Classification of Tumor Samples on the Basis of ER Status.
The initial 49 tumors were classified as ER+ or ER− via immunohistochemistry (IHC) at time of diagnosis and then later via protein immunoblotting assay for ER to check the IHC results. In five cases, the IHC and blot test conflicted. These five cases and an additional four of the tumors selected randomly were separated from the rest to be treated as validation samples to be predicted on the basis of analysis of the remaining training cases. Of the latter, two were rejected due to failed array hybridization, leaving 18 ER+ and 20 ER−, as determined by both IHC and immunoblotting. The five cases of conflicting biological test results raise concerns about sample heterogeneity and the status of these tumors, hence it makes sense to treat them as of uncertain status and explore the expression-based predictions of status by using the statistical model.

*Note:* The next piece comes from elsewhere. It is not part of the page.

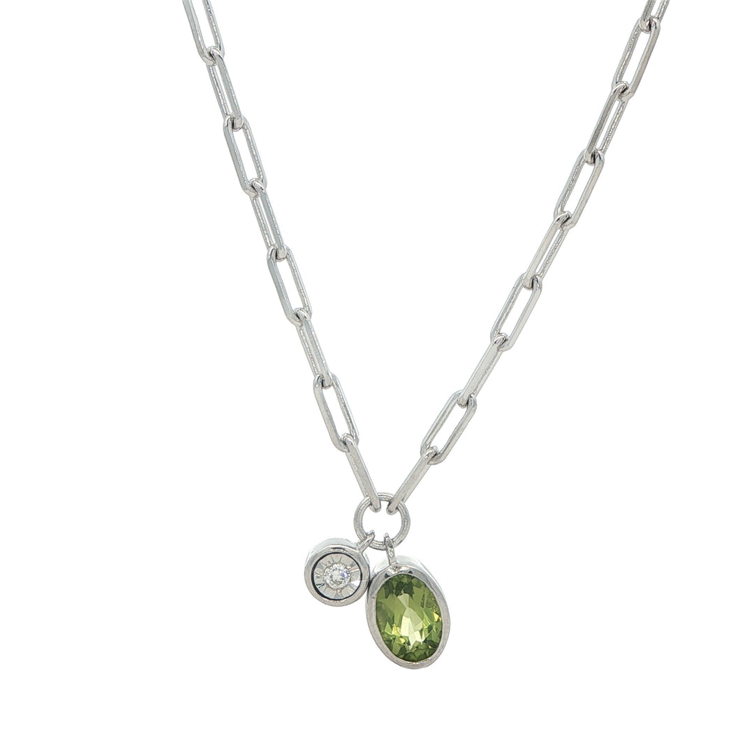Monte Luna Sterling Silver August Birthstone Peridot Lab-Grown Diamond 18" Necklace

By using the ER outcomes of only the 38 training arrays, we first implemented a simple screen to identify the 100 genes maximally correlated with outcome. This screening strategy aims to reduce noise contributed by irrelevant or unexpressed genes by an initial selection process, and the choice of the number 100 was determined by repeat experimentation. This screen computed sample correlation coefficients between genes and ER+/ER− binary outcomes and selected those genes giving the 100 largest absolute values of this correlation. Alternative methods, such as selecting genes according to maximum differences between mean ranks in the two outcome groups, give similar results. Some form of gene selection for reducing noise is required. Analysis of the full set of genes implies that all aspects of variation are incorporated in the SVD analysis, and the computed singular factors are influenced by the noise affecting each and every gene. Use of the full gene set generally means that the discriminatory ability of resulting factors is clouded by such noise. In the ER analysis using all genes, results are broadly similar to those reported here but for the fact that all predictive probabilities have much higher associated uncertainties, and one or two tumors are much less well classified. More ambiguous classification is a result of the much higher level of noise influencing the analysis. Screening to a smaller, relevant, discriminatory subset of genes is guaranteed to reduce such unwanted noise, with cleaner and more accurate results. We note that, in some applied contexts, the levels of extraneous noise may be lower than in the complex and challenging case of breast cancer; we have experienced this, for example, in our analysis (not reported here) of the Massachusetts Institute of Technology leukemia data set (4), which is in this respect a less challenging problem of predictive discrimination than is breast cancer. Further, current statistical research involves development of refined models that aim to address this question by automatically selecting the most discriminatory genes within the analysis of all genes, rather than via an initial screening process; such a formal modeling approach offers the potential for more incisive noise reduction and hence improved prediction, but, until such approaches are available, some form of prescreen is needed to address noise reduction.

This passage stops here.